*** RECORDS PROVIDED

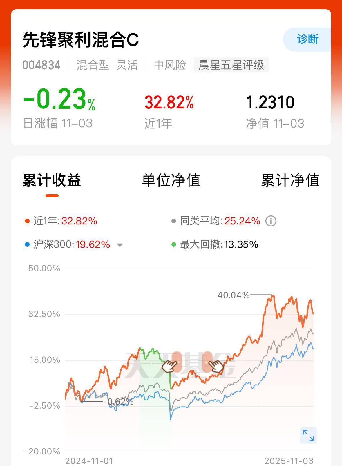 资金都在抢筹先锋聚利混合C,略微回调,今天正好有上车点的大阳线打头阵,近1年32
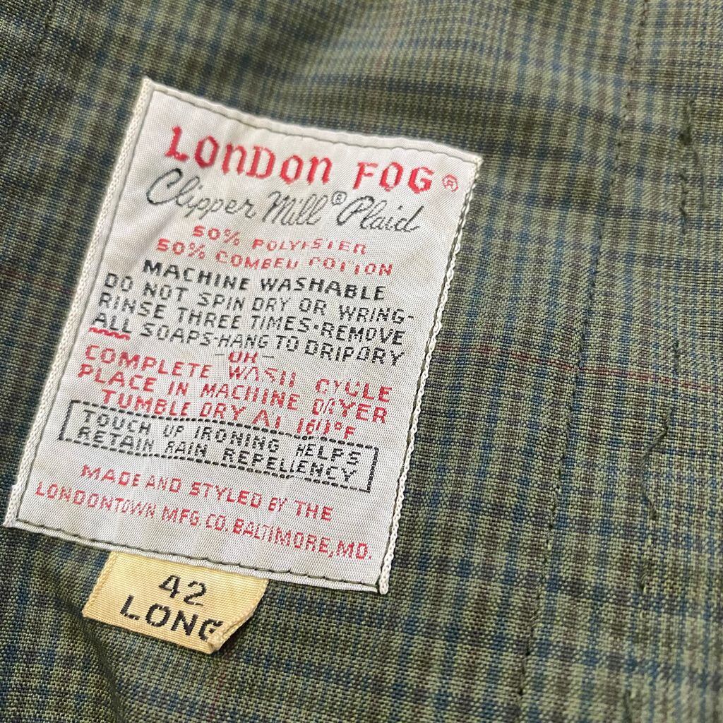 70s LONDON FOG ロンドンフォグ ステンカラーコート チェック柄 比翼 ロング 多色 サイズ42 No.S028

******
*** RECORDS PROVIDED

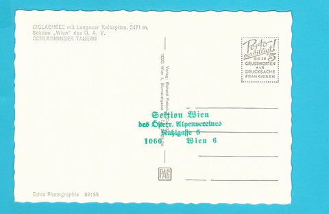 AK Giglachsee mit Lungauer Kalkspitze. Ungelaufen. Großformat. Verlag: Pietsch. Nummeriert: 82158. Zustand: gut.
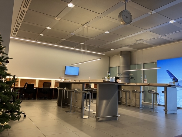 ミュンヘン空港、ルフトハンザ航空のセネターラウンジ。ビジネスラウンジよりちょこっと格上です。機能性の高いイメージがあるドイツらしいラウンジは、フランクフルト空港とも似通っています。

******
*** RECORDS PROVIDED

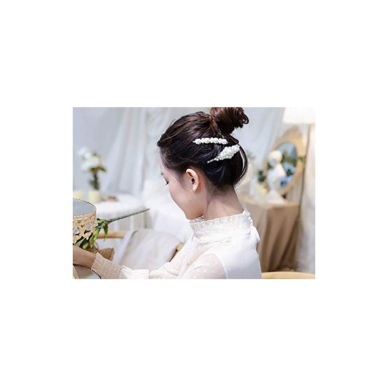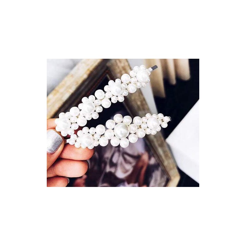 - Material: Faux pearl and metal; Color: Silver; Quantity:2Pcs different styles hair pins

******

> _WORK ORDER_:
Pictures excluded, reproduce only the part above that opens with the line holding "资金都在抢筹先锋聚利混合C,略微回调,今" and closes with the line holding "70s LONDON FOG", exactly as written.

> _WRITTEN RESPONSE_:
 资金都在抢筹先锋聚利混合C,略微回调,今天正好有上车点的大阳线打头阵,近1年32
 70s LONDON FOG ロンドンフォグ ステンカラーコート チェック柄 比翼 ロング 多色 サイズ42 No.S028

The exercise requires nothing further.